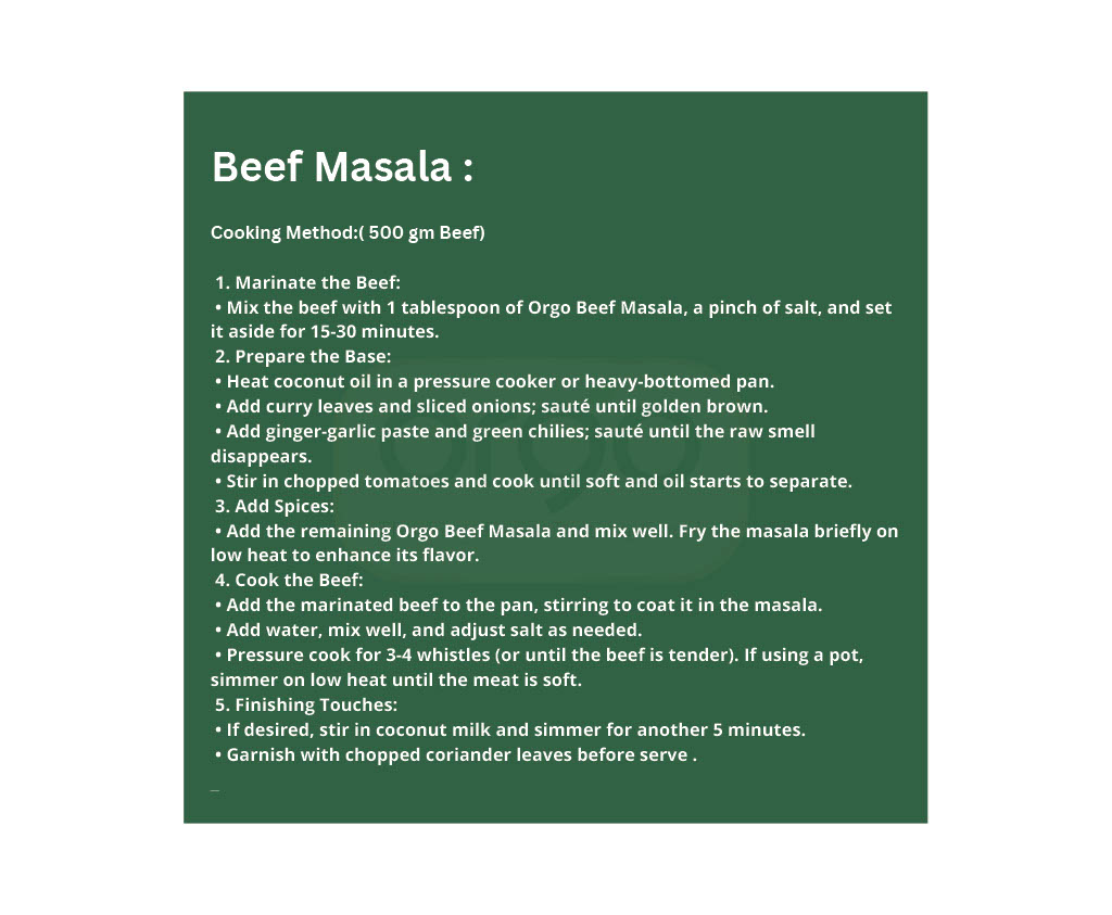 Beef Masala is a flavorful Indian curry made with beef and a rich blend of spices like cumin, coriander, turmeric, cinnamon, cloves, cardamom, and garam masala. The spices are combined with ingredients like onions, tomatoes, and garlic to create a hearty, aromatic dish.
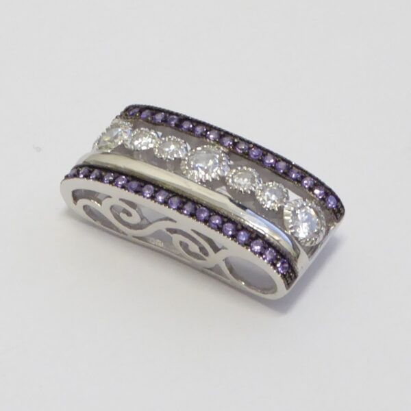 Colgante rectangular, con circonitas blancas y moradas. Los laterales calados con filigrana.
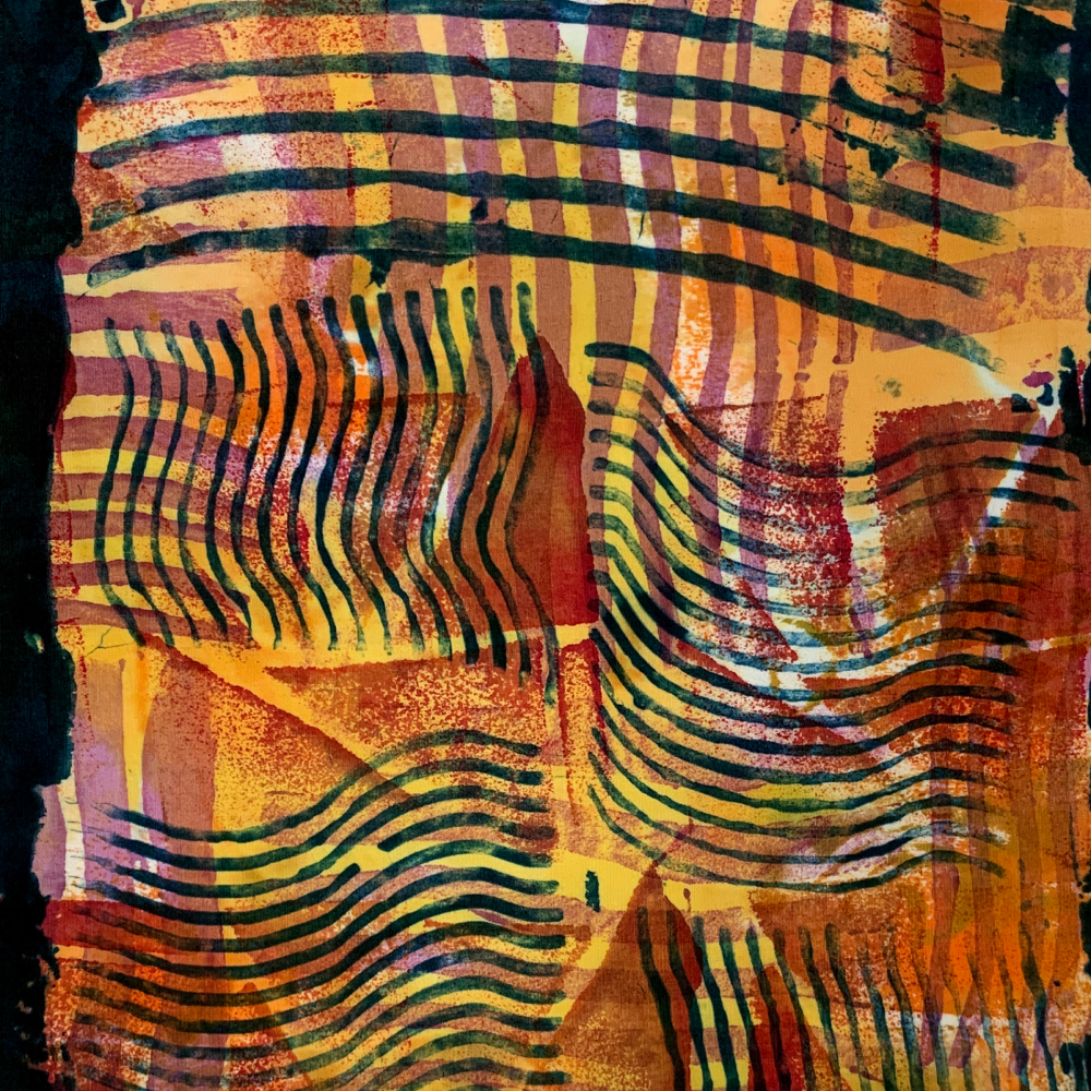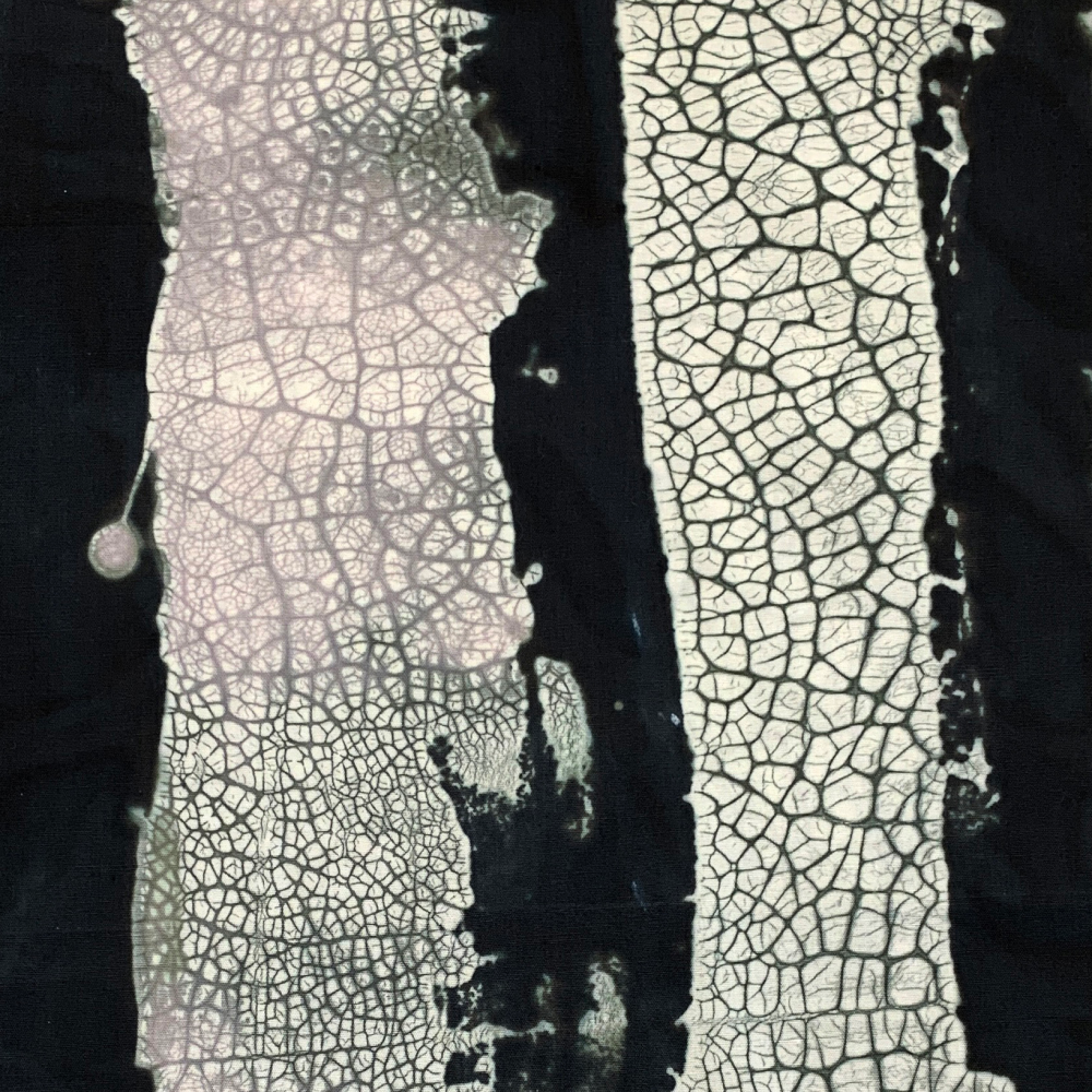 Ann compares some resists, applying the criteria of ease of use and complete block-out of the dye. She demonstrates her favorites, corn and potato dextrin, and some of their possible applications including working in successive layers of color and resist. An additional handout gives you details and recipes. Colors: dark navy, gold, lime green, duller orange and black.
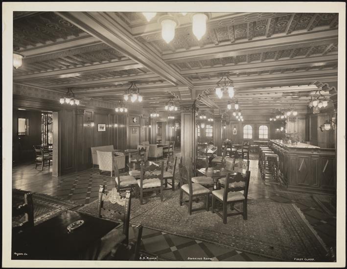 Italia-America Shipping Corp., S.S. "Roma", Pier 97 North River, First Class, Interior, the Bar.

————————

## Work item
Leaving aside the pictures, copy the listing above exactly.

## Response area
 Beef Masala is a flavorful Indian curry made with beef and a rich blend of spices like cumin, coriander, turmeric, cinnamon, cloves, cardamom, and garam masala. The spices are combined with ingredients like onions, tomatoes, and garlic to create a hearty, aromatic dish.
 Colgante rectangular, con circonitas blancas y moradas. Los laterales calados con filigrana.
 Ann compares some resists, applying the criteria of ease of use and complete block-out of the dye. She demonstrates her favorites, corn and potato dextrin, and some of their possible applications including working in successive layers of color and resist. An additional handout gives you details and recipes. Colors: dark navy, gold, lime green, duller orange and black.
 Italia-America Shipping Corp., S.S. "Roma", Pier 97 North River, First Class, Interior, the Bar.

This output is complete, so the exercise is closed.